New hardware and software technologies are being driven by new standards (Windows NT operating systems, Intel architecture, and specific vendors’ device-level networks), which are expanding the scope of automation solutions beyond the capabilities of a single company. Open systems, by definition, require interaction of multiple suppliers’ products.

We are leveraging the value of open systems by combining PC-based control and device-level networks to deliver a broader scope of customer-specific automation solutions at lower cost in less time. Our focus is on providing Windows-based flow charting software and I/O networking configuration tools, so developers can generate or maintain applications quickly. These tools are developed to be usable and well understood by plant operations and maintenance.

Dave Smith, president and founder, ObjectAutomation

Software is taking on universal control. Software now defines the architecture and the value proposition for industrial automation solutions. Software rules!

Intelligence is inexorably marching, not slowly migrating, but marching down the wire, right out to the end device. This intelligence is embodied in software. And the end device—commodity hardware. The end device is a scalable unit of universal control. The network of these scalable devices, most likely connected over an Internet protocol (IP) with some PCs, is the extensible universal control system.

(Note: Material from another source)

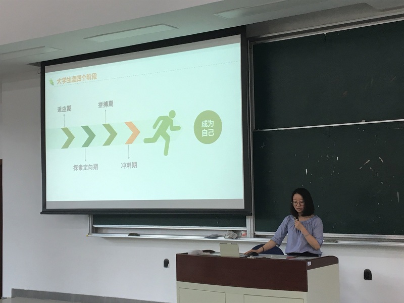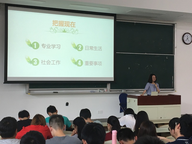 在“把握现在”环节,辅导员强莉从专业学习、日常生活、社会工作以及重要事项四个方面,向同学们进行了全面的讲解与指导。在专业学习方面,根据16级入校以来的成绩轨迹,分析出目前较为突出的学习问题,如失去信心、规划不明、自控力差、消极逃避等,并分别给出了解决建议,鼓励同学们坚定信心,刻苦付出,一份汗水就能换来一分收获。此外还就学籍管理规定和学籍处理情况进行了说明,警示同学们引以为戒,戒骄戒躁,严格要求自己。

Considering the desire for a single universal control environment, with concurrent integrated MES (manufacturing execution system) capability, the traditional roles of hardware and software have reversed. Software now drives the solution set, and in light of growing deficit of qualified software developers, there is but one software solution—objects.

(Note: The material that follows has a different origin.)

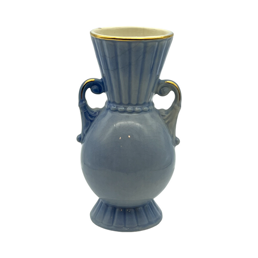 Royal Copley - Faceted Top Double Handle Vase Gold Trim - Vintage - 6"

Larry Zgrabik, Automation Business Unit vice president and general manager, Siemens Energy & Automation

The most important concept that control and automation professionals need to be aware of is Totally Integrated Automation (TIA), Siemens’ new class of control technology that builds upon fully open subsystems and is completely hardware independent. Hardware and software meets the users’ design specs, rather than users being forced to design and specify the system to meet available products. TIA also tremendously simplifies engineering. There is one common database and one set of engineering tools for everything from PLCs to the human-machine interface and network software.

Eric Marks, MES/Enterprise Solutions strategic marketing manager, Schneider Automation

Three major trends characterize industrial automation today: 1) adoption of commercial technologies such as thin clients, browsers and Internet technology; 2) migration to open standards for automation such as TCP/IP and Ethernet, OLE for Process Control (OPC), and even Java-based products; and 3) influence of information technology on automation, which is based on convergence of computing platforms, networks, programming tools, data management philosophies and especially buying influence.

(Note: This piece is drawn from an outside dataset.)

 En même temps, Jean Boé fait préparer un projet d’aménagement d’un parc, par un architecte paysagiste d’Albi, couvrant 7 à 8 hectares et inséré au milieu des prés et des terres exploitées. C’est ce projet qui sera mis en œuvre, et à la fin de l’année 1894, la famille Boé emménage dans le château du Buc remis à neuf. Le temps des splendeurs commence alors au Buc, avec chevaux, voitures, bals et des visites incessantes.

Adoption of commercial technologies will change the landscape for automation because it signals the trend to standard tools and products adapted for use in industrial automation. This shows market dismay with proprietary architectures of most automation suppliers. Preference for open standards such as TCP/IP and Ethernet will gain momentum as more manufacturing enterprise projects are driven from an information-centric perspective rather than functional silo approaches of the past. Controls and IT are collaborating on how they support one another as participants in an overall information architecture.

Information technology and automation are merging rapidly based on the convergences described above. More automation projects are being driven from IT; increasingly, controls departments will begin reporting to chief information officers of large global corporations. Automation investments are being evaluated as part of overall information architectures, forcing controls suppliers to learn the business drivers of IT, the language and requirements of IT, and how the automation world supports IT strategies of these customers.

Automation suppliers will deploy commercial technology, based on international open standards, to support manufacturing and information technology strategies of customers. Those who continue to rely on proprietary technology will eventually perish.